═════ Dataset content ═════

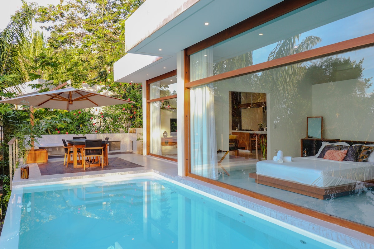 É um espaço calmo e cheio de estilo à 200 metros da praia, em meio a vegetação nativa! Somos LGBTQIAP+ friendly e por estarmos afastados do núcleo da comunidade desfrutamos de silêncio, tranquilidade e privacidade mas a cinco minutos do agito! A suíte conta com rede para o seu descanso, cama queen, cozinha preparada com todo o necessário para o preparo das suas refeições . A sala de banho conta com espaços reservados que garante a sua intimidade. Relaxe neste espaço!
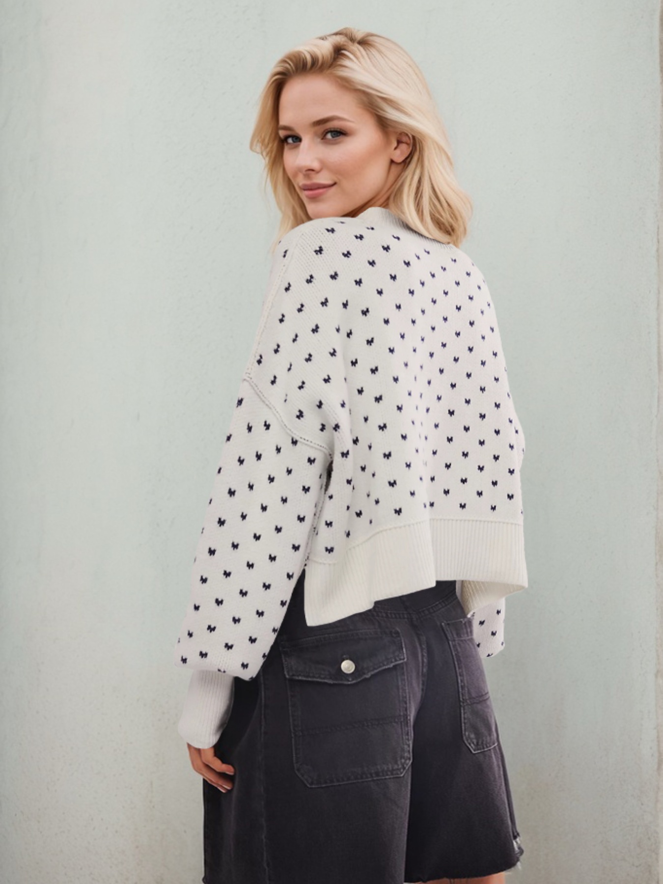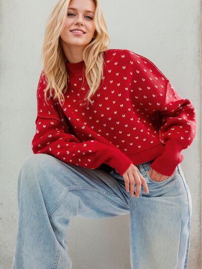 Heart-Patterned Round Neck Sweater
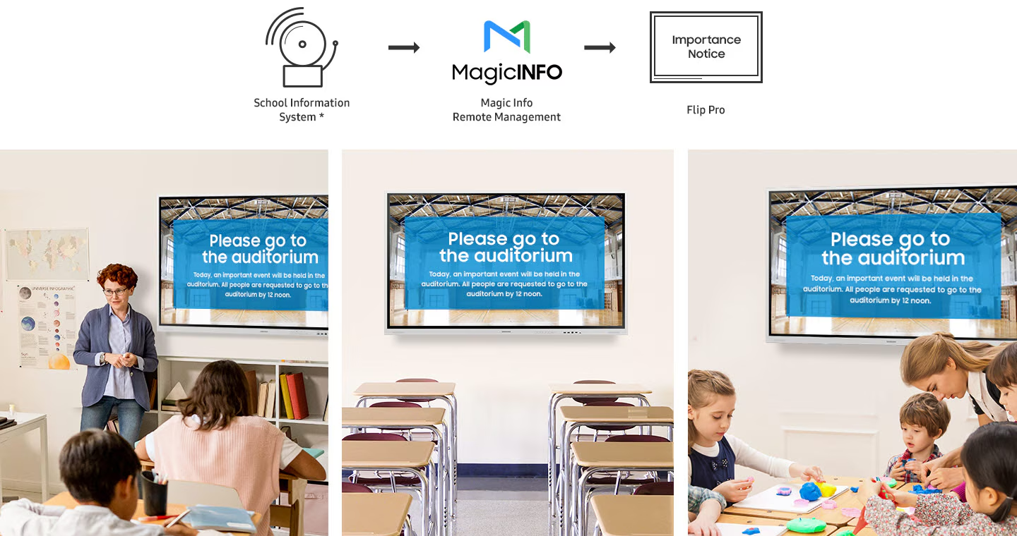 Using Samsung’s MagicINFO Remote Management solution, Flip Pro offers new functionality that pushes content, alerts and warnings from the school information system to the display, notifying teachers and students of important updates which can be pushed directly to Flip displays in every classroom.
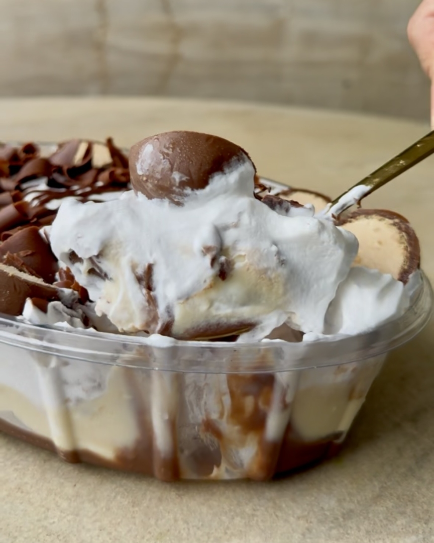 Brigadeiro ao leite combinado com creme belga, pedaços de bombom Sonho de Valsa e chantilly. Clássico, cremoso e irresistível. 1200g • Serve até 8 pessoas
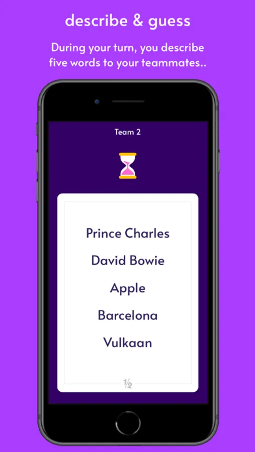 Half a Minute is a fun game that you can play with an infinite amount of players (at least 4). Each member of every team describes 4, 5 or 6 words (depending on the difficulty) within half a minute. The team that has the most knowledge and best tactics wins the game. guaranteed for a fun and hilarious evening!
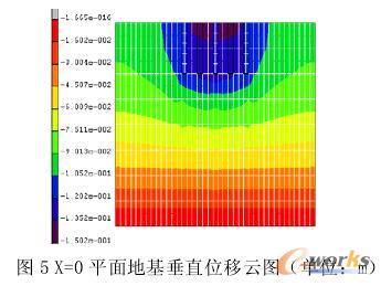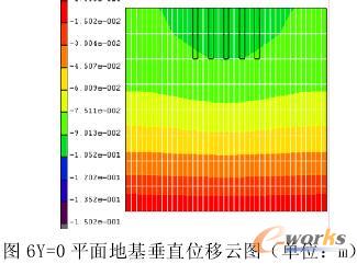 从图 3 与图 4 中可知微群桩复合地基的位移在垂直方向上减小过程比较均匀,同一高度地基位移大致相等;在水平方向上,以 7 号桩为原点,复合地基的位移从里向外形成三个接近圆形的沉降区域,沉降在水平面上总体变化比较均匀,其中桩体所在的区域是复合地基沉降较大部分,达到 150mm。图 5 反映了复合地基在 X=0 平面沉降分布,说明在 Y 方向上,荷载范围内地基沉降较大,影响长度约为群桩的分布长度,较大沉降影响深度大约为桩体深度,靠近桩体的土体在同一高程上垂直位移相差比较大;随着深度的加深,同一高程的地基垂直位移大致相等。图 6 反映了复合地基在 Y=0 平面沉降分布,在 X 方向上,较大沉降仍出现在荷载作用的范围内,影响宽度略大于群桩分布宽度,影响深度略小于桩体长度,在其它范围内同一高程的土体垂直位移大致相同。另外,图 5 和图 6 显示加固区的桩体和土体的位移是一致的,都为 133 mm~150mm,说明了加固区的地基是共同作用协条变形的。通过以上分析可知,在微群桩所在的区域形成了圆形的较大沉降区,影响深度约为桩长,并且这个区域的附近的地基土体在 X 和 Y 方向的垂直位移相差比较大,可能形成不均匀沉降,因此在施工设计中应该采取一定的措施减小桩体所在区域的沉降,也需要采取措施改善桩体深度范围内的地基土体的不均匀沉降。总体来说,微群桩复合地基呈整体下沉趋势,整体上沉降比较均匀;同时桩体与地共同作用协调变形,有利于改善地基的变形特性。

═════

## What you should do
A faithful copy of all the lines above is needed, with the pictures omitted.

## Solution to this exercise
 É um espaço calmo e cheio de estilo à 200 metros da praia, em meio a vegetação nativa! Somos LGBTQIAP+ friendly e por estarmos afastados do núcleo da comunidade desfrutamos de silêncio, tranquilidade e privacidade mas a cinco minutos do agito! A suíte conta com rede para o seu descanso, cama queen, cozinha preparada com todo o necessário para o preparo das suas refeições . A sala de banho conta com espaços reservados que garante a sua intimidade. Relaxe neste espaço!
 Heart-Patterned Round Neck Sweater
 Using Samsung’s MagicINFO Remote Management solution, Flip Pro offers new functionality that pushes content, alerts and warnings from the school information system to the display, notifying teachers and students of important updates which can be pushed directly to Flip displays in every classroom.
 Brigadeiro ao leite combinado com creme belga, pedaços de bombom Sonho de Valsa e chantilly. Clássico, cremoso e irresistível. 1200g • Serve até 8 pessoas
 Half a Minute is a fun game that you can play with an infinite amount of players (at least 4). Each member of every team describes 4, 5 or 6 words (depending on the difficulty) within half a minute. The team that has the most knowledge and best tactics wins the game. guaranteed for a fun and hilarious evening!
 从图 3 与图 4 中可知微群桩复合地基的位移在垂直方向上减小过程比较均匀,同一高度地基位移大致相等;在水平方向上,以 7 号桩为原点,复合地基的位移从里向外形成三个接近圆形的沉降区域,沉降在水平面上总体变化比较均匀,其中桩体所在的区域是复合地基沉降较大部分,达到 150mm。图 5 反映了复合地基在 X=0 平面沉降分布,说明在 Y 方向上,荷载范围内地基沉降较大,影响长度约为群桩的分布长度,较大沉降影响深度大约为桩体深度,靠近桩体的土体在同一高程上垂直位移相差比较大;随着深度的加深,同一高程的地基垂直位移大致相等。图 6 反映了复合地基在 Y=0 平面沉降分布,在 X 方向上,较大沉降仍出现在荷载作用的范围内,影响宽度略大于群桩分布宽度,影响深度略小于桩体长度,在其它范围内同一高程的土体垂直位移大致相同。另外,图 5 和图 6 显示加固区的桩体和土体的位移是一致的,都为 133 mm~150mm,说明了加固区的地基是共同作用协条变形的。通过以上分析可知,在微群桩所在的区域形成了圆形的较大沉降区,影响深度约为桩长,并且这个区域的附近的地基土体在 X 和 Y 方向的垂直位移相差比较大,可能形成不均匀沉降,因此在施工设计中应该采取一定的措施减小桩体所在区域的沉降,也需要采取措施改善桩体深度范围内的地基土体的不均匀沉降。总体来说,微群桩复合地基呈整体下沉趋势,整体上沉降比较均匀;同时桩体与地共同作用协调变形,有利于改善地基的变形特性。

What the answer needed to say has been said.